Der Schweizer Triathlon-Nationaltrainer Steffen Grosse bezeichnet es als «Wahnsinn», wie Nicola Spirig der Amerikanerin Gwen Jorgensen am Samstag im Kampf um Olympia-Gold alles abverlangt hat.
Steffen Grosse, wie beurteilen Sie die Leistungen von Nicola Spirig (2.) und Jolanda Annen (14.)?
Steffen Grosse. «Das war natürlich genial, von beiden Schweizerinnen. Aber natürlich vor allem von Nicola. Sie ist als Olympiasiegerin hergekommen und hat dem Druck unwahrscheinlich standgehalten. Sie hat Silber gewonnen, nicht Gold verloren.»
Hätte es dennoch ein Rezept für Gold gegeben?
«Nicola war natürlich unglaublich engagiert auf der Radstrecke. Hat versucht, dort wegzukommen und einen hohen Aufwand betrieben. Vielleicht hatte dies dann die zwei, drei Körner gekostet, die im Laufen gefehlt haben. Doch Gwen war die dominierende Athletin der letzten Jahre in der WM-Serie. Und wenn man sieht, wie sehr Spirig ihr Paroli geboten hat, war das phantastisch, ein Wahnsinn.»
Im Laufen gab es zeitweise auch ein taktisches Duell zwischen Spirig und Jorgensen …
«Ja, es wurde teilweise auch abgebremst wie bei Bahnradrennen, bevor es zur Sache geht. Ich hatte gar noch ein bisschen Angst, dass durch das Taktieren der beiden die Verfolgerinnen wieder ran kommen könnten.»
War es überraschend, dass sich Jorgensen davor im Radfahren ganz vorne in der Gruppe unmittelbar hinter Nicola halten konnte?
«Vor allem überraschte mich, dass die erste Gruppe noch so gross zusammen blieb, von den 26 Athletinnen auf doch noch immerhin 18 bis zum zweiten Wechsel. Nicola ist ohne Zweifel die Stärkste auf dem Rad, am Berg oder in der Fläche. Doch sie musste zuviel alleine machen. Sie hätte Helfer benötigt. Alleine konnte sie das nicht schaffen.»

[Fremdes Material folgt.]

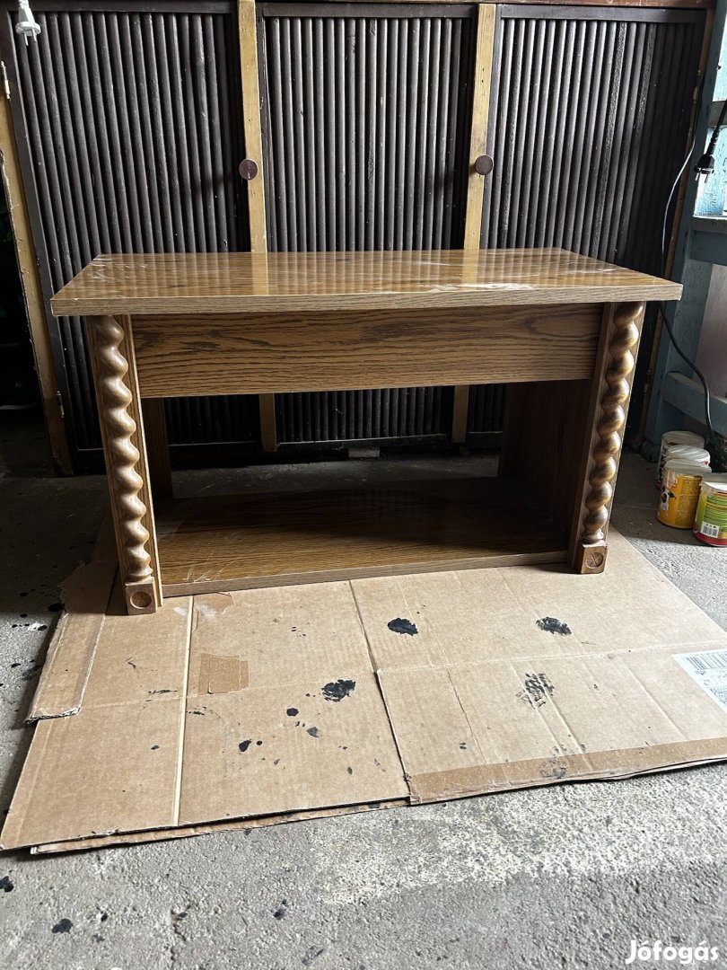 Szép fa erezettel, dekoratív, csavart lábakkal. Stabil szerkezetű, jól terhelhető.

Fehlte eine Daniela Ryf, die sich nach zwei Olympia-Teilnahmen von der Kurzdistanz verabschiedet hat und nun auf Mittel- und Langstrecken dominiert?
«Das ist natürlich hypothetisch. Von der Radstärke her sicher. Doch es ist natürlich auch knallhart, nur schon beim Schwimmen die erste Gruppe zu erreichen. Der Aufwand dazu ist gewaltig.»
Jorgensen hatte bei der Olympia-Generalprobe in Hamburg über die halbe olympische Distanz noch den Schnellzug der ersten Gruppe verpasst. War der dritte Rang nur ein Vorolympia-Bluff von Jorgensen?
«Das denke ich nicht. Gwen verpasste da im Schwimmen die Führungsgruppe. Und sie ist nicht so schnell im Wechsel. Schliesslich konnte sie da den Rückstand auf der kurzen 5-km-Laufstrecke nicht mehr aufholen.»